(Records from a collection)
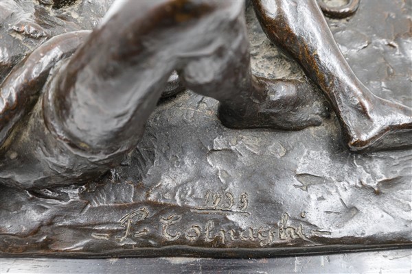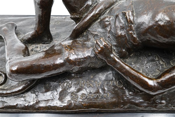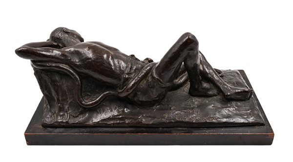 P. Colnaghi "Un brutto sonno" scultura in bronzo su base in legno (cm 36,5x14
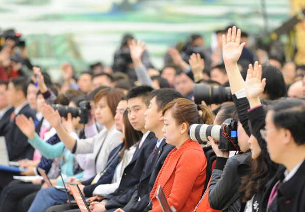 十一屆全國人大五次會議于3月6日(星期二)上午10時在人民大會堂三樓金色大廳舉行記者會,由外交部部長楊潔篪就“我國的對外政策和對外關系”問題答記者問。圖為記者舉手提問。 王翰林 攝
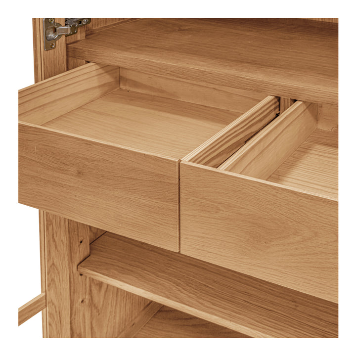 The Virelle cabinet reimagines classic storage through fine craftsmanship. A wire-brushed solid oak frame surrounds glass doors with elegant molding and overhang details, creating a timeless focal point. Oak veneer sides and top add smooth texture, while dual drawers and cable openings ensure modern functionality. Perfect for showcasing heirlooms or organizing media, Virelle brings structure, balance, and warmth to living and dining spaces alike.
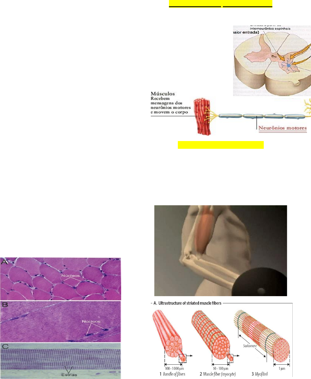 O músculo esquelético é um órgão especializado na transformação de energia química em movimento (energia mecânica), desenvolvido para otimizar esta função utilizando um conjunto bem ordenado de proteínas relacionadas com o movimento. Os 600 músculos esqueléticos do corpo humano são compostos de centenas a centenas de milhares de células alongadas, multinucleadas chamadas fibras musculares. Cada fibra contém as proteínas contrateis Miosina e Actina, que compõe os filamentos grossos e finos respectivamente, que estão dispostos paralelamente nas miofibrilas que compõe as fibras. As miofibrilas estão também paralelamente arranjadas e apresentam um padrão de bandas escuras e claras dispostas em série, que dão o caráter de estrias às fibras de tais músculos. Esta aparência estriada característica da miofibrila observável na microscopia de luz decorre da birrefringência diferente das proteínas contrateis:a banda clara, chamada banda-I, é devida a isotropia (I) da região da miofibrila dada pelos filamentos finos e a banda-A, devida a sua anisotropia(A), constituída pelos filamentos grossos intercalados aos finos. Os limites laterais da unidade contrátil chamada de sarcômero são dados pelos discos Z, constituídos por alfa Actinina, onde se ancoram os filamentos finos, a Tinina e a Nebulina. Na microscopia de luz o sarcômero é delimitado por duas linhas Z e contém duas banda-I e uma banda –A central separando-as. A contração é definida como a ativação das fibras musculares com a tendência destas se encurtarem. Ocorre quando o cálcio citosólico ([Ca 2+] i) aumenta disparando uma série de eventos moleculares que levam à interação entre miosina e actina, ocorrendo o deslizamento desta última sobre os filamentos grosso e o encurtamento dos sarcômeros em série. Conjuntos maciços ou frouxos de células alongadas capazes de mudar seu comprimento a;vamente. - Podem contrair-se ou relaxar-se sob: (i) controle direto/indireto de fibras nervosas (ii) de forma espontânea segundo rítmos intrínsecos produzidos. Músculo estriado ou Músculo voluntário Ligado aos ossos; move o esqueleto Estrutura do Músculo Esquelético • Feiche de fibras musculares • Fibra muscular • Miofibrila Fibra muscular ou Miofibrila: colunas paralelas filamentos grossos e finos A Unidade de Comando ou Unidade Motora Unidade funcional do movimento. -Motoneurônio + todas as fibras por ele inervadas - Cada neurônio motor se ramifica para inervar um número de fibras musculares -Quando o neurônio motor é ativado todas estas fibras musculares se contraem. Neurociências Deslocado a Tropomiosina, expondo os sítios das Act- Gs permitindo a interação com as projeções das cadeias de miosina, chamadas de cabeça, que constituem o filamento grosso. Numa reação que envolve a hidrólise de ATP, tem-se o deslizamento dos filamentos finos em relação aos filamentos grossos, com consequentes encurtamento dos sarcômeros (aproximação dos discos Z), com a produção de força ao longo da miofibrila. A formação de pontes entre Act-F e miosina é reversível, na presença de ATP, ocorrendo com a modificação da posição da cabeça da miosina de 45 à 90 graus, tendo um deslocamento de 100 Angstrons. A energia deste processo provém da hidrólise de ATP, liberando ADP e Pi (processo de transdução de energia). Mecanismo geral da contração muscular Músculo Esquelético: Teoria dos filamentos deslizantes Filamentos finos deslizam entre os filamentos grossos Contrações dos Músculos Esqueléticos Contração muscular • Gera Tensão • Realiza trabalho • O músculo esquelético pode contrair-se em graus distintos • Força de Contração é GRADUADA ou variada • POR QUÊ? • Ativação de número variável de neurônios motores implica em ativação variável de fibras musculares CONTRAÇÃO ISOTÔNICA: • Tensão ou Força gerada pelo músculo é maior que a carga • Músculo se encurta e movimenta carga • Força gerada maior que a força da gravidade CONTRAÇÃO ISOMÉTRICA: • tensão muscular não gera movimento • sem encurtar o comprimento externo Contração Muscular Graduada • O músculo esquelético pode contrair-se em graus distintos; • Recrutamento: aumentando o número de unidades motoras ativas aumentará a força da contração muscular; • Somação das unidades motoras uma contração se sobrepõe à outra; Músculo Liso ou INVOLUNTÁRIO ou Músculo das Víceras • Fibras muito pequenas (20-500um) • • Involuntário • Podem (auto) gerar potenciais de ação • Artérias/Veias: Motilidade, tensão • Víceras: Contrações alternadas das camadas circulares das víceras, produzindo ondas peristálticas • Na superfície das células musculares existem vesículas membranosas chamadas cavéolas. Similares ao retículo sarcoplasmático no músculo estriado: captura e liberação de Cálcio. Contém proteína calmodulina. Fatores de controle do músculo liso • Adrenalina • Noradrenalina • Acetilcolina • Angiotensina • Vasopressina • Oxitocina • Serotonina Fatores de controle do tônus dos vasos • Ausência de oxigênio nos tecidos locais produz relaxamento do músculo liso (vasodilatação) • O excesso de gás carbônico produz vasodilatação • O aumento da concentração de hidrogênio produz vasodilatação Músculo liso MULTI-UNITÁRIO: -Fibras musculares separadas que contraem independentemente. -Cobertos por colágeno e glicoproteínas. -Inervados por uma única fibra neural. EX: Músculo ciliar do olho, músculo piloeretor -Não estão eletricamente ligadas -A despolarização local gerada pelo transmissor se propagará e a célula se contrai -Fibras unidas pelas zonas de oclusão (ou gap junctions) que estão eletricamente ligadas. -Fibras estão agregadas em lâminas ou feixes e suas membranas celulares aderem entre si. -Força gerada em uma fibra é transmitida à seguinte. -Se contraem como uma UNI
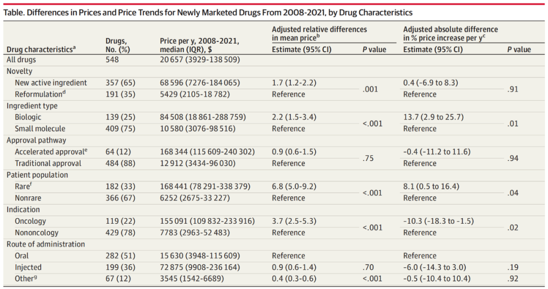 6月7日,哈佛大学医学院的两位教授以及他们的一位助理在《美国医学会杂志》上发表了一篇题为《2008-2021年处方药上市价格趋势》的文章,对2008至2021年里,美国新上市的576款药品中的548款进行了药价分析。

**HOW TO COMPLETE THIS TASK**. Print the data exactly, from its first line to the line containing "The Virelle cabinet", both included. Omit the pictures.

**RESPONSE TO THIS TASK**.
 P. Colnaghi "Un brutto sonno" scultura in bronzo su base in legno (cm 36,5x14
 十一屆全國人大五次會議于3月6日(星期二)上午10時在人民大會堂三樓金色大廳舉行記者會,由外交部部長楊潔篪就“我國的對外政策和對外關系”問題答記者問。圖為記者舉手提問。 王翰林 攝
 The Virelle cabinet reimagines classic storage through fine craftsmanship. A wire-brushed solid oak frame surrounds glass doors with elegant molding and overhang details, creating a timeless focal point. Oak veneer sides and top add smooth texture, while dual drawers and cable openings ensure modern functionality. Perfect for showcasing heirlooms or organizing media, Virelle brings structure, balance, and warmth to living and dining spaces alike.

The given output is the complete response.